Put /volumes/**/privileged: net/http: timeout awaiting response headers

#1

Environment: Concourse 4.2.3 running within Kubernetes 1.13.2

Receiving this error when using a custom image from ECR:

Put /volumes/**/privileged: net/http: timeout awaiting response headers

The container is 3.49GB - it’s very slow pulling the image (28 minutes) and eventually, it’ll just hang - if the build was allowed to keep going I don’t think it would time out.

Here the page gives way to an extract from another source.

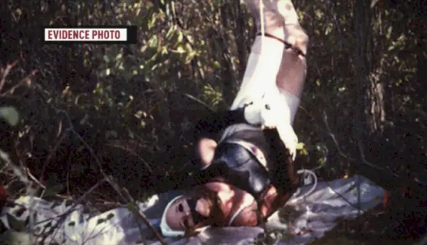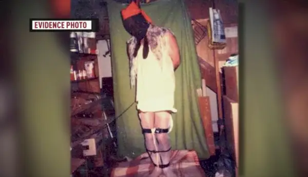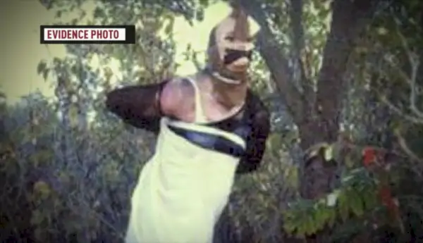Hängande från ett träd. I olika selfies hängde Rader sig själv i ett träd med utstuderad bondage.
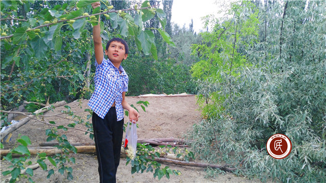 最令我感动的是,在一家村民门口的树上摘桑葚。这家大一点的女孩看到我在摘,出来后一句话没说就默默上到树上摘了起来,摘得小手拿不住了就递给我。但是没过多久,她就进到院子里了,又出来站到树上时,看到鼻子里塞的纸才知道原来刚刚她流鼻血了。紧跟着她出来的还有三个小孩,大概三四岁左右,我就把自己摘的桑葚给他们每人分了一把,后面边摘边给他们吃。一个3岁的小巴郎在矮的地方摘着,摘了几个便要把手里的给我,我说你自己吃。孩子这小小的举动让我深受感动,走时,我对他们说:“或西(再见),热合买特(谢谢)!”大一点的巴郎也回说:“或西(再见)。”走了一段路后,听到后面有个声音一直在,我回头一看,原来他一直朝着我走的方向边挥着手边说或西(再见)。我也朝他挥挥手,说了句或西(再见),此时感觉自己的眼睛湿润了。

I do have another ECR custom image working most of the time, though that will sometimes return:

resource script '/opt/resource/check []' failed: exit status 1

stderr:
failed to get ECR credentials: credentials not found in native keychain

I’ve taken a look at the logs in web and workers, nothing shouts out to me. I’ve watched the worker doing the docker pull and then hang on the final layer with docker untar - killing those processes just starts the retries and sometimes it’ll say the second retry was successfully pulled then it just hangs some more. Tried to figure out why it’s hanging after the pull says successful, but I haven’t correlated a process on the worker with the actual job itself.

I don’t see resource exhaustion happening, plenty of disks space, memory, and CPU -it’s happened on multiple workers, with the same results.

Any help and pointers in what to troubleshoot or look for, please let me know your recommendations.

#2

I reduced the image down to 1.99GBs and it ran - so there seems to be a limit on how large a custom image can be with Concourse.

Possibly Concourse workers need to be specific size or have specific amount of resources to make larger images possible?